Joanne Mayer

Personal information
- Nationality: France
- Born: 16 March 1993 (age 33) Mulhouse, France
- Height: 1.67 m (5 ft 5+1⁄2 in)
- Weight: 57 kg (126 lb)

Sport
- Sport: Canoeing
- Event: Sprint canoe
- Club: Mulhouse-AS Cheminots Riedisheim
- Coached by: Sébastien Mayer

= Joanne Mayer =

French canoeist

Joanne Mayer (born 16 March 1993 in Mulhouse) is a French sprint canoeist. Mayer is a member of the canoe and kayak team for Mulhouse-AS Cheminots Riedisheim, and is coached and trained by her father Sébastien Mayer, who competed in the men's kayak four (1000 m) at the 1992 Summer Olympics in Barcelona. Her grandfather Albert Mayer, on the other hand, also participated in the same discipline at the 1968 Summer Olympics in Mexico City.

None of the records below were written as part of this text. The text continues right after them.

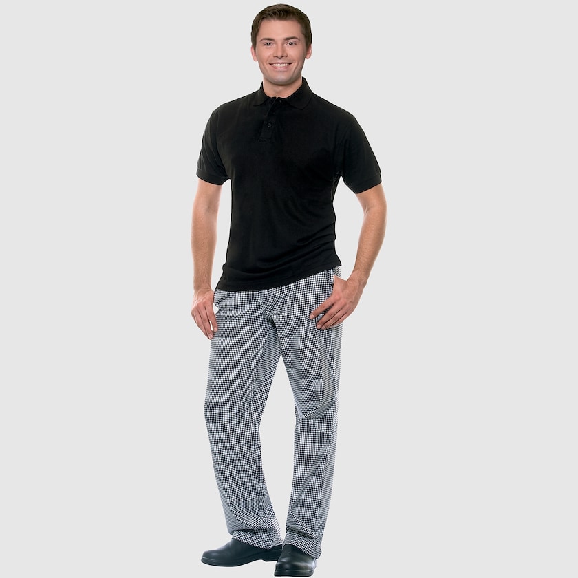 Tidlösa kockbyxor för män. Baktill finns ett elastiskt band för ökad komfort. Byxorna har sidofickor samt en bakficka. Klarar industritvätt i upp till 95 grader. Finns även som dammodell.
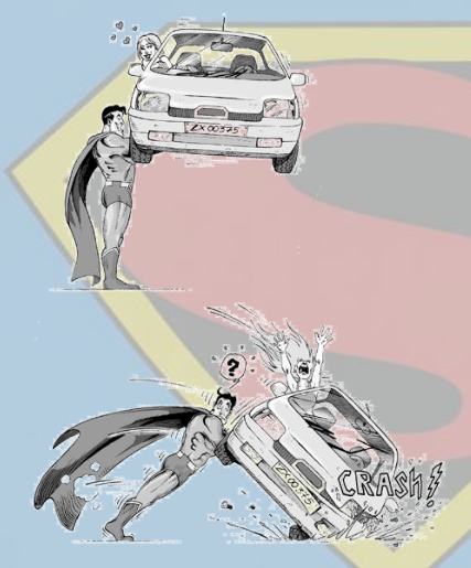 Roland Lehoucq évoque également la Loi d’échelle, stipulant que la force est proportionnelle à la puissance 2/3 de la masse. L’intéressé s’est alors lancé dans une extrapolation linéaire : si une fourmi de 10 mg soulève 1 g (cent fois sa masse), un homme de 75 kg soulève 7,5 tonnes ! Évidemment, cela est impossible dans la réalité. Par ailleurs, la force de Superman ne peut pas tout faire, et il lui incombe d’être doté d’un squelette capable de supporter d’énormes charges ainsi qu’un exceptionnel sens de l’équilibre.
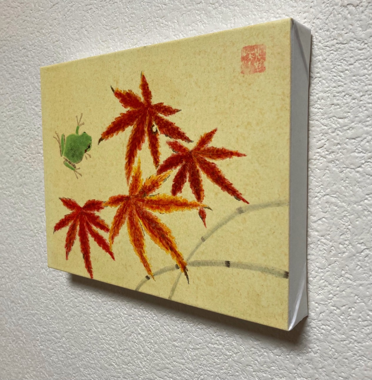 片目で紅葉をチラッと覗くカエル、葉のパリパリした触感、美しさを感じて頂ければ幸いです。
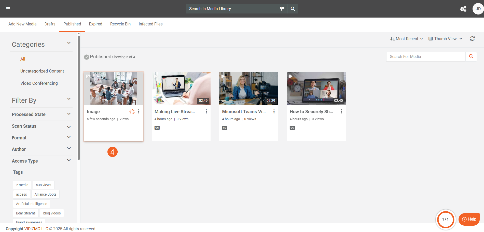 - The files uploaded in bulk will be automatically published and processed based on your default publishing settings and any automatic processing configurations in the enabled applications on your Portal.
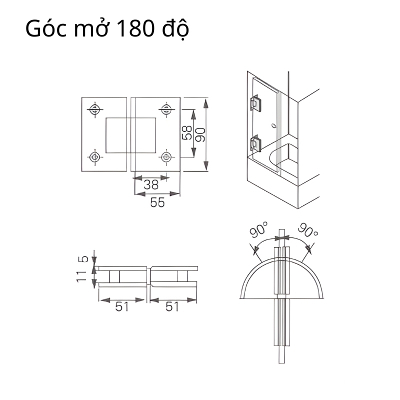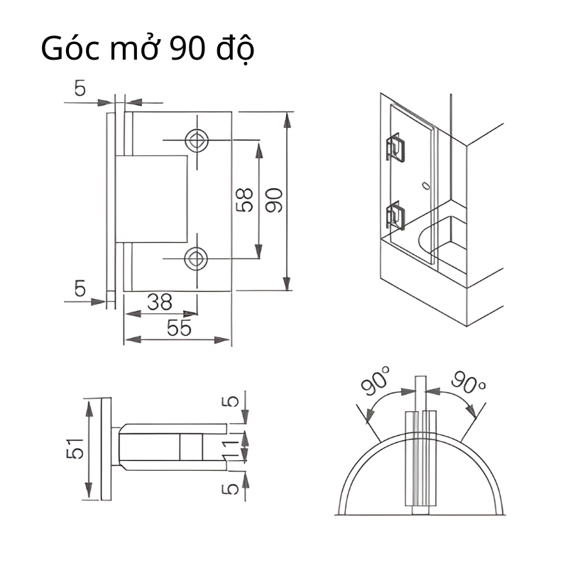 - 90°: Dùng cho kính liên kết với tường hoặc khung cố định.
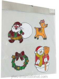 this L027 christmas window sticker which use the PVC material, has good quality and reasonable price.Yiwu International Trade Co.,Ltd can provide you christmas deccoration, christmas oranments,candle holder, christmas gift, christmas ball and so on.welcome to connect us.
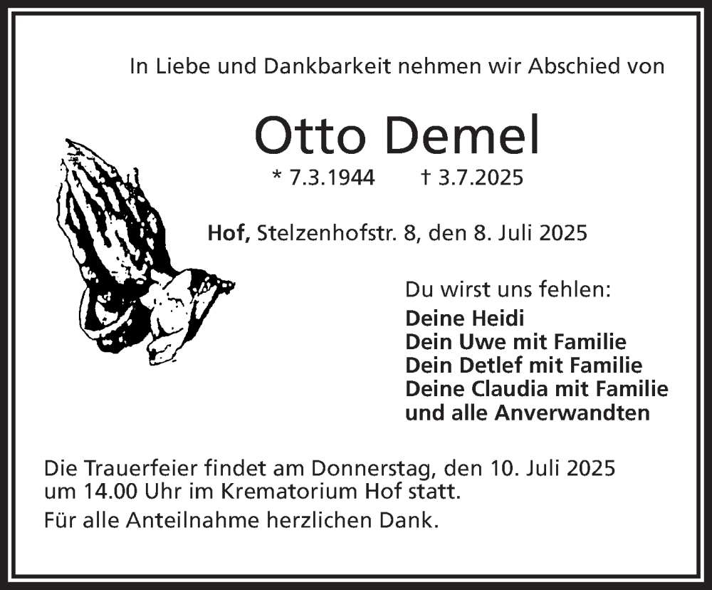 Hier finden Sie alle Traueranzeigen aus der Zeitung, die bisher für Otto Demel erschienen sind. Weitere Traueranzeigen, die in der Zeitung erscheinen, werden hier ebenfalls aufgelistet
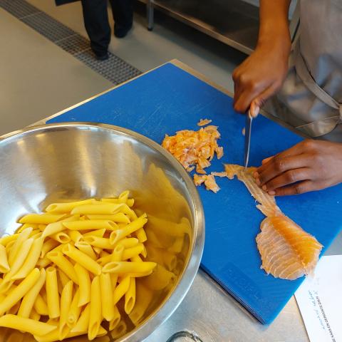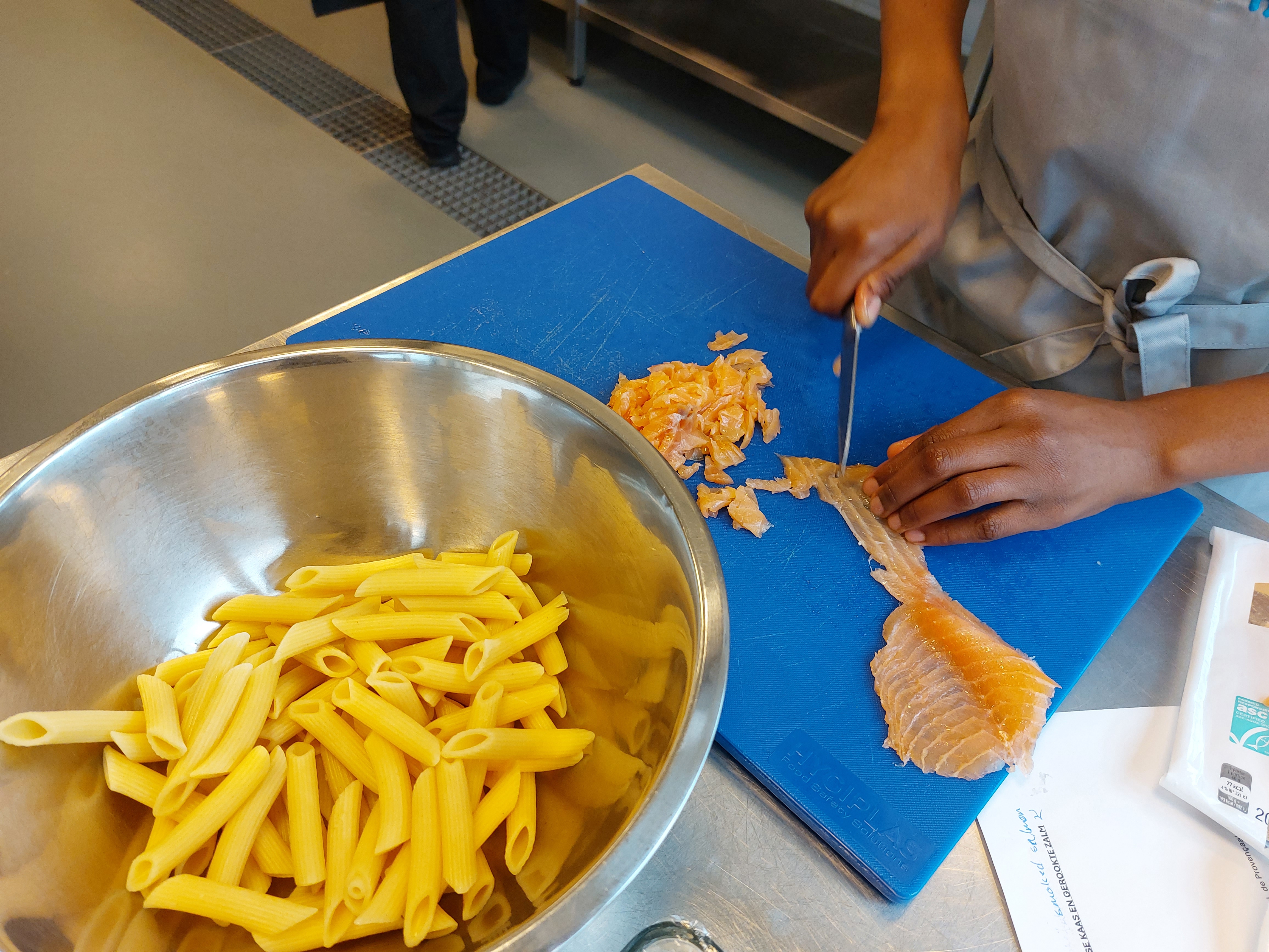 - Snij de gerookte zalm in fijne reepjes.

Mayer represented France at the 2012 Summer Olympics in London, where she competed in the women's K-4 500 metres, along with her teammates Marie Delattre, Sarah Guyot, and Gabrielle Tuleu. Mayer and her team finished last in the final by more than a second behind the Russian team (led by Yuliana Salakhova), recording the slowest time of 1:35.299.